What is needed here is an exact printout of the data, with no pictures included.

**Collected data**:
***

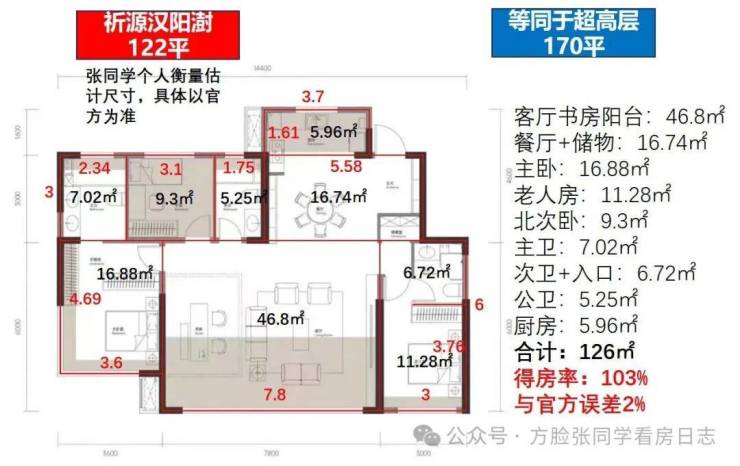 最后是122平户型,四房三卫边户,我预估的套内126平,得房率103%,唯一比官方宣传还低的,有点奇怪,考虑这个户型的最好等到样板间或实体楼出来再说。套内面积等同于之前超高层170平。
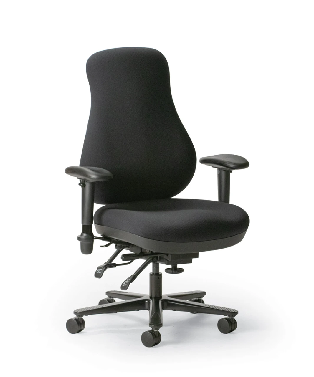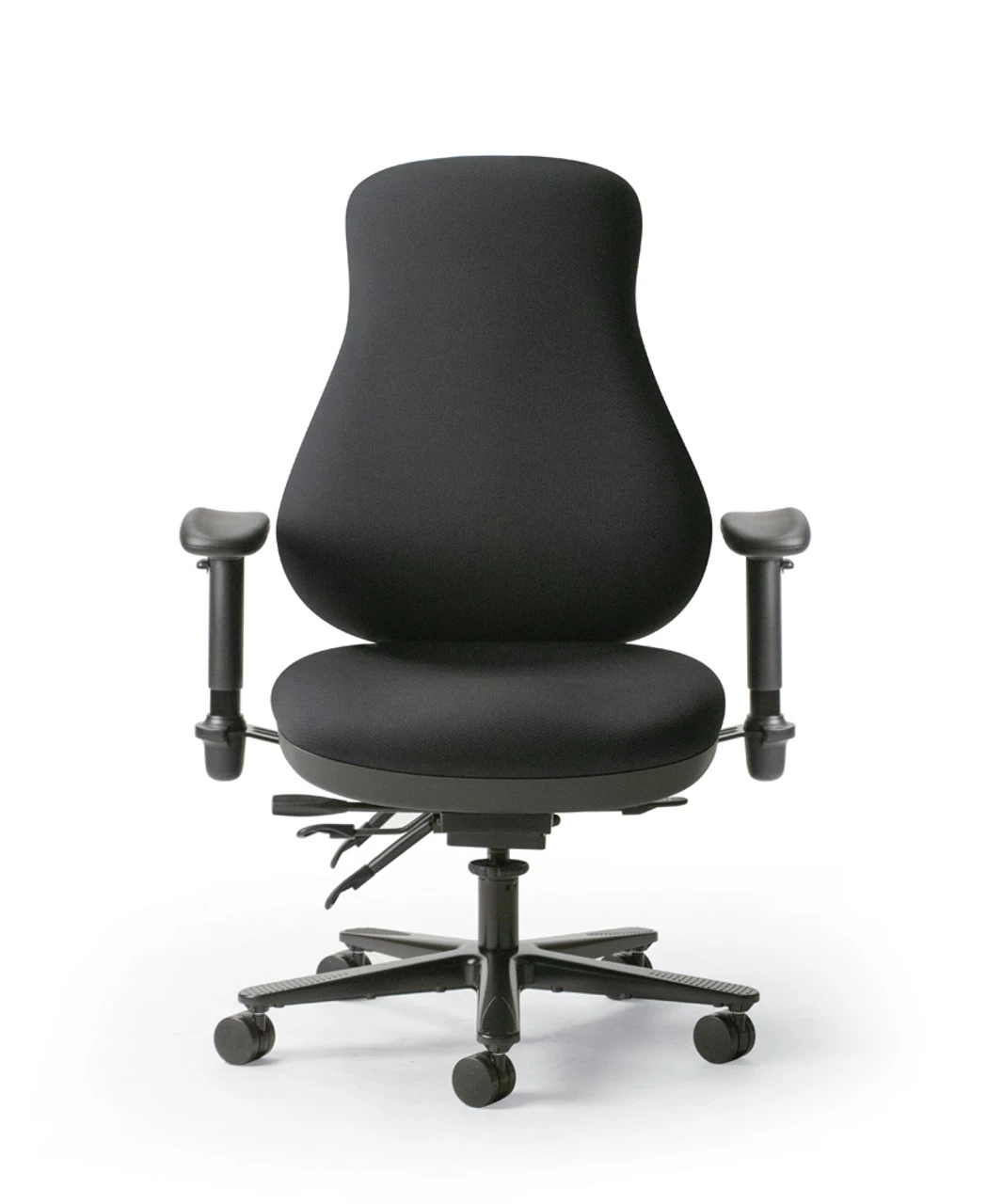 Multi-function Center tilt rocking mode. Backrest angle adjustable 16° (89° to 105°). Seat angle adjusts 7° (-5° to 2°). Tension adjustable. Lockable in 6 different positions. Backrest height adjusts 6 inches into 27 different positions using an intuitive, visible lever. Seat depth adjusts 2½” in 6 positions. Seat height adjusts pneumatically.
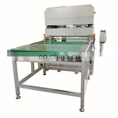 hydraulic die cutting machineThis hydraulic die cutting machine is mainly suitable for die cutting single or multiple layers of nonmetal rolled materials by die cutter. It is widly used in many industries, such as:Automotive interiorSheet material industry suppliesFloor matsAbrasives, abrasive paperLeather and leathergoods – shoe uppers, wallets, purses, beltsLampshades – fabric or plastic, with or without cut outsClothing – components for hats, ties, collars, shoulder padsCork gaskets and matsFilters for machinery, breathing apparatus and the medical industryFoam and sponge – gaskets, packaging, consumer productsFootwear components – shoes, insoles, insole socks, uppers, strapsPlastics – PVC binders, lampshades, stationery products, gifts, novelties, gasketsRubber – gaskets, seals, washers Product DescriptionUsage & Features1. Automatic Cutting Machine is applicable to continuous and large-batch cutting of nonmetal materials such as fabric leather, carpet, rubber, film, foam and cloth etc. in large-scale factories by die cutter.2. Use PLC computer touch screen to control procedures, servo motor driver conveying system, insure feeding accurate range, with stable running speed.3. Can work in fully automatic, semi-automatic, manual mode;4. The main machine is controlled by four-column guiding, double-crank balancing, four-column blocking fine adjustment mechanism and hydraulic control system, which can guarantee the speed and accuracy of die cutting machine. 5. The central automatic lubrication system can guarantee the machine precision and enhance machine durability6. The input and output of materials are conveyed on the conveying belt, and the die cutting of materials is also automatically completed on the conveying belt.7. The unwinding system can be designed based on customer's requirement. Automatic feeding flat bed table supports materials in sheet, and roll unwinding system supports materials in roll;8. The device with cutting board and fixed mold to make the operation more convenient.9. Products of special specifications can be customized.How to choose a cutting machine:Material: Nonmetal material such as leather, fabric, foam, EVA, rubber gasket, etc.Cutting area: it depends on the material size.Cutting force: it depends on the blade perimeter of the die cutter.Feeding system: it depends on the material. Main Technical Data(Customizable) ModelDPMQMaximum cutting force60T100TCutting area1250*800mm1250/1600*1200mmMotor power5.5KW11KWTension Distance25-135mm25-135mmMachine weight7500kg10500kg

***

**Problem solution**:
 最后是122平户型,四房三卫边户,我预估的套内126平,得房率103%,唯一比官方宣传还低的,有点奇怪,考虑这个户型的最好等到样板间或实体楼出来再说。套内面积等同于之前超高层170平。
 Multi-function Center tilt rocking mode. Backrest angle adjustable 16° (89° to 105°). Seat angle adjusts 7° (-5° to 2°). Tension adjustable. Lockable in 6 different positions. Backrest height adjusts 6 inches into 27 different positions using an intuitive, visible lever. Seat depth adjusts 2½” in 6 positions. Seat height adjusts pneumatically.
 hydraulic die cutting machineThis hydraulic die cutting machine is mainly suitable for die cutting single or multiple layers of nonmetal rolled materials by die cutter. It is widly used in many industries, such as:Automotive interiorSheet material industry suppliesFloor matsAbrasives, abrasive paperLeather and leathergoods – shoe uppers, wallets, purses, beltsLampshades – fabric or plastic, with or without cut outsClothing – components for hats, ties, collars, shoulder padsCork gaskets and matsFilters for machinery, breathing apparatus and the medical industryFoam and sponge – gaskets, packaging, consumer productsFootwear components – shoes, insoles, insole socks, uppers, strapsPlastics – PVC binders, lampshades, stationery products, gifts, novelties, gasketsRubber – gaskets, seals, washers Product DescriptionUsage & Features1. Automatic Cutting Machine is applicable to continuous and large-batch cutting of nonmetal materials such as fabric leather, carpet, rubber, film, foam and cloth etc. in large-scale factories by die cutter.2. Use PLC computer touch screen to control procedures, servo motor driver conveying system, insure feeding accurate range, with stable running speed.3. Can work in fully automatic, semi-automatic, manual mode;4. The main machine is controlled by four-column guiding, double-crank balancing, four-column blocking fine adjustment mechanism and hydraulic control system, which can guarantee the speed and accuracy of die cutting machine. 5. The central automatic lubrication system can guarantee the machine precision and enhance machine durability6. The input and output of materials are conveyed on the conveying belt, and the die cutting of materials is also automatically completed on the conveying belt.7. The unwinding system can be designed based on customer's requirement. Automatic feeding flat bed table supports materials in sheet, and roll unwinding system supports materials in roll;8. The device with cutting board and fixed mold to make the operation more convenient.9. Products of special specifications can be customized.How to choose a cutting machine:Material: Nonmetal material such as leather, fabric, foam, EVA, rubber gasket, etc.Cutting area: it depends on the material size.Cutting force: it depends on the blade perimeter of the die cutter.Feeding system: it depends on the material. Main Technical Data(Customizable) ModelDPMQMaximum cutting force60T100TCutting area1250*800mm1250/1600*1200mmMotor power5.5KW11KWTension Distance25-135mm25-135mmMachine weight7500kg10500kg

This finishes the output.